Write out all the entries word for word and omit any pictures.

[Entries taken from a collection]
------------------------

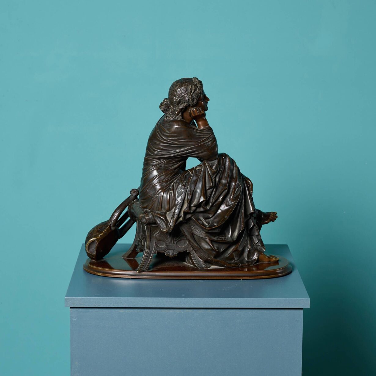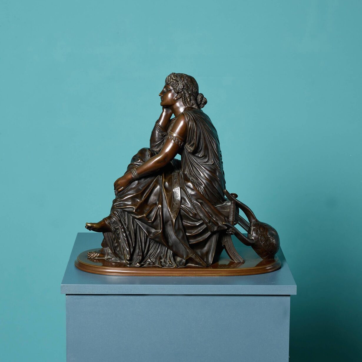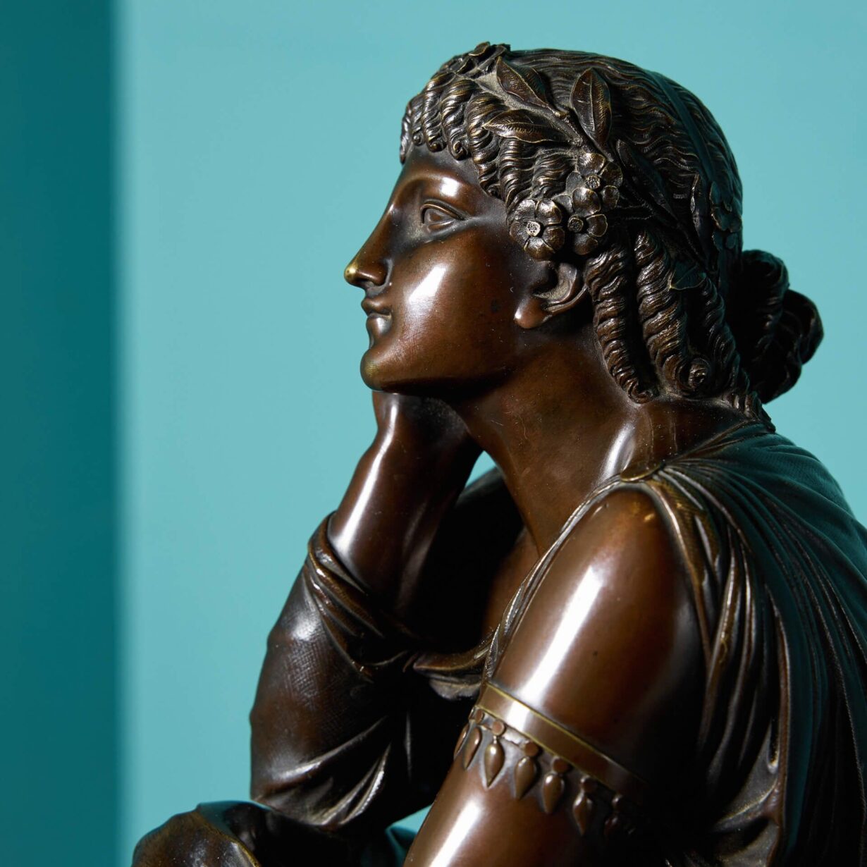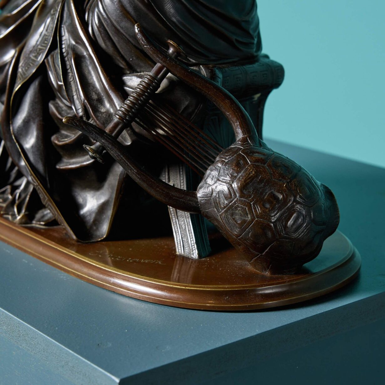 back to topAn antique 19th century French classical bronze figure of a seated Euterpe by Pierre Alexandre Schoenewerk.
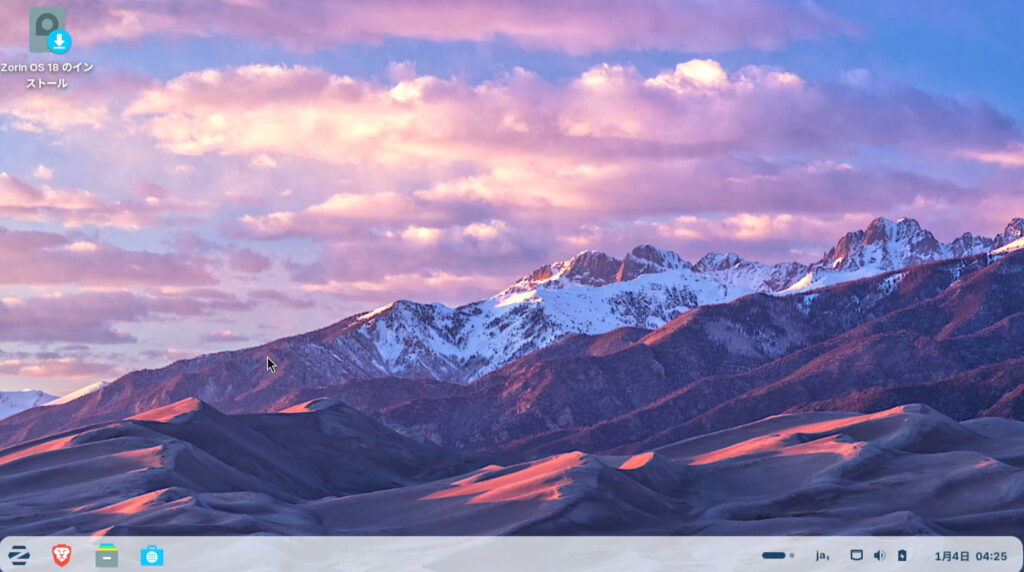 数十秒後、ZorinOSのデスクトップが表示されます。 これはライブ環境と呼ばれ、インストールせずに動作確認ができます。
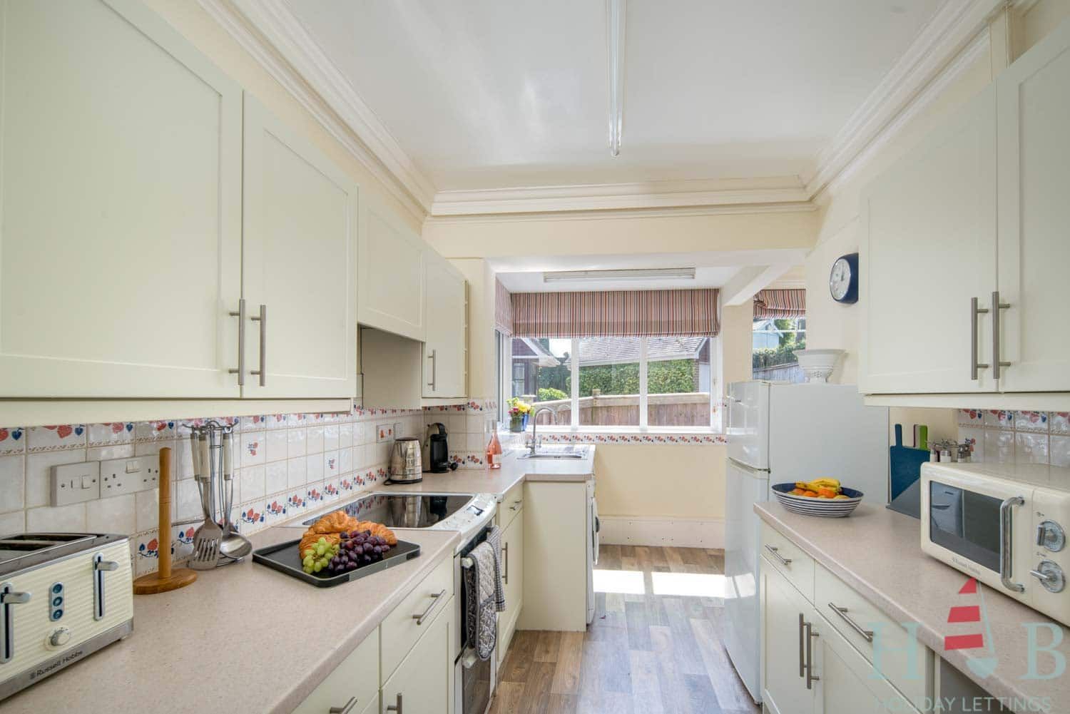 Electric hob; electric oven; Microwave; Washing machine; Fridge freezer; Toaster; Kettle; TV in living room
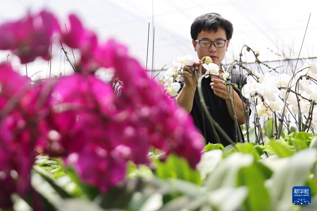 6月1日,在石家庄藁城区石家庄品梦花卉种植有限公司温室大棚,工作人员在管护花卉。
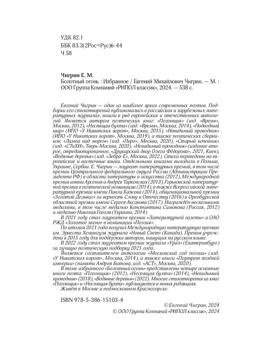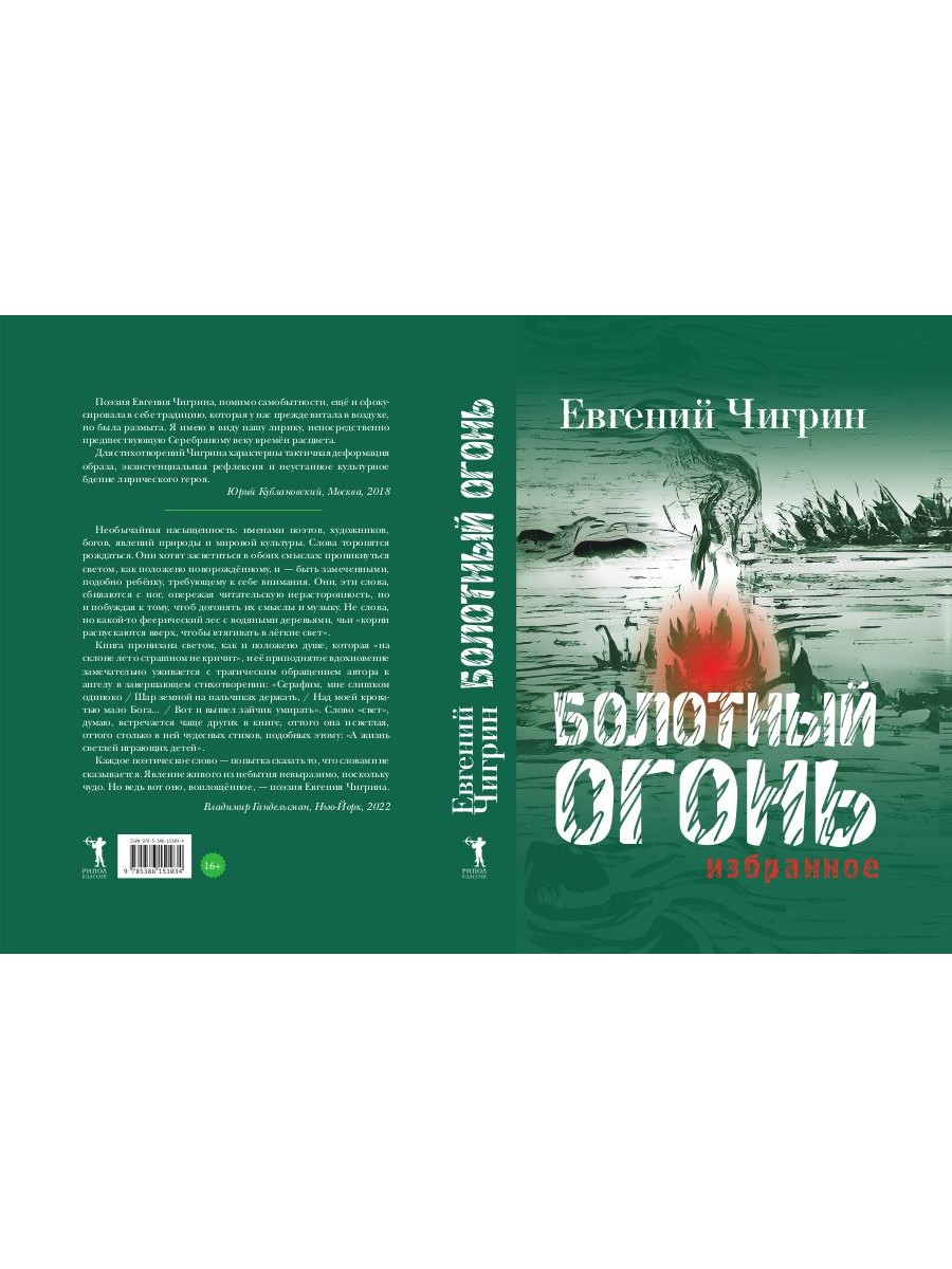 Евгений Чигрин - один из наиболее ярких современных поэтов. Подборки его стихотворений публиковались в российских и зарубежных литературных журналах, вошли в ряд европейских и отечественных антологий. Является автором поэтических книг: «Погонщик» (изд. «Время», Москва, 2012), «Неспящая бухта» (изд. «Время», Москва, 2014), «Подводный шар» (ИПО «У Никитских ворот», Москва, 2015), «Невидимый проводник» (ИПО «У Никитских ворот», Москва, 2019), а также поэтических сборников: «Лампа над морем» (изд. «Перо», Москва, 2020), «Старый кочевник» (изд. «СТиХИ», Тверь-Москва, 2020), «Невидимый проводник» (издание второе, отредактированное, «Друкарский двор Олега Фёдорова», 2021, Киев), «Водяные деревья» (изд. «Зебра-Е», Москва, 2022). Стихи переведены на европейские и восточные языки. Отдельными книгами выходили в Польше, Украине, Сербии. Е. Чигрин - лауреат литературных премий, в том числе премии Центрального федерального округа России (Администрации Президента РФ) в области литературы и искусства (2012), Международной премии имени Арсения и Андрея Тарковских (2013), Горьковской литературной премии в поэтической номинации (2014), а также Всероссийской литературной премии имени Павла Бажова (2014), общенациональной премии «Золотой Дельвиг» за верность Слову и Отечеству (2016) и Оренбургской областной премии имени Сергея Аксакова (2017). Награждён несколькими медалями, в том числе медалью Константина Симонова (Россия, 2012) и медалью Николая Гоголя (Украина, 2014). В томе избранного «Болотный огонь» представлены четыре основные книги поэта: «Погонщик» (2012), «Неспящая бухта» (2014), «Невидимый проводник» (2018), «Водяные деревья» (2022). Многие стихотворения из книг «Погонщик» и «Неспящая бухта» публикуются в новых редакциях.| Издательство | Рипол Классик |

------------------------

Solution for this exercise —
 back to topAn antique 19th century French classical bronze figure of a seated Euterpe by Pierre Alexandre Schoenewerk.
 数十秒後、ZorinOSのデスクトップが表示されます。 これはライブ環境と呼ばれ、インストールせずに動作確認ができます。
 Electric hob; electric oven; Microwave; Washing machine; Fridge freezer; Toaster; Kettle; TV in living room
 6月1日,在石家庄藁城区石家庄品梦花卉种植有限公司温室大棚,工作人员在管护花卉。
 Евгений Чигрин - один из наиболее ярких современных поэтов. Подборки его стихотворений публиковались в российских и зарубежных литературных журналах, вошли в ряд европейских и отечественных антологий. Является автором поэтических книг: «Погонщик» (изд. «Время», Москва, 2012), «Неспящая бухта» (изд. «Время», Москва, 2014), «Подводный шар» (ИПО «У Никитских ворот», Москва, 2015), «Невидимый проводник» (ИПО «У Никитских ворот», Москва, 2019), а также поэтических сборников: «Лампа над морем» (изд. «Перо», Москва, 2020), «Старый кочевник» (изд. «СТиХИ», Тверь-Москва, 2020), «Невидимый проводник» (издание второе, отредактированное, «Друкарский двор Олега Фёдорова», 2021, Киев), «Водяные деревья» (изд. «Зебра-Е», Москва, 2022). Стихи переведены на европейские и восточные языки. Отдельными книгами выходили в Польше, Украине, Сербии. Е. Чигрин - лауреат литературных премий, в том числе премии Центрального федерального округа России (Администрации Президента РФ) в области литературы и искусства (2012), Международной премии имени Арсения и Андрея Тарковских (2013), Горьковской литературной премии в поэтической номинации (2014), а также Всероссийской литературной премии имени Павла Бажова (2014), общенациональной премии «Золотой Дельвиг» за верность Слову и Отечеству (2016) и Оренбургской областной премии имени Сергея Аксакова (2017). Награждён несколькими медалями, в том числе медалью Константина Симонова (Россия, 2012) и медалью Николая Гоголя (Украина, 2014). В томе избранного «Болотный огонь» представлены четыре основные книги поэта: «Погонщик» (2012), «Неспящая бухта» (2014), «Невидимый проводник» (2018), «Водяные деревья» (2022). Многие стихотворения из книг «Погонщик» и «Неспящая бухта» публикуются в новых редакциях.| Издательство | Рипол Классик |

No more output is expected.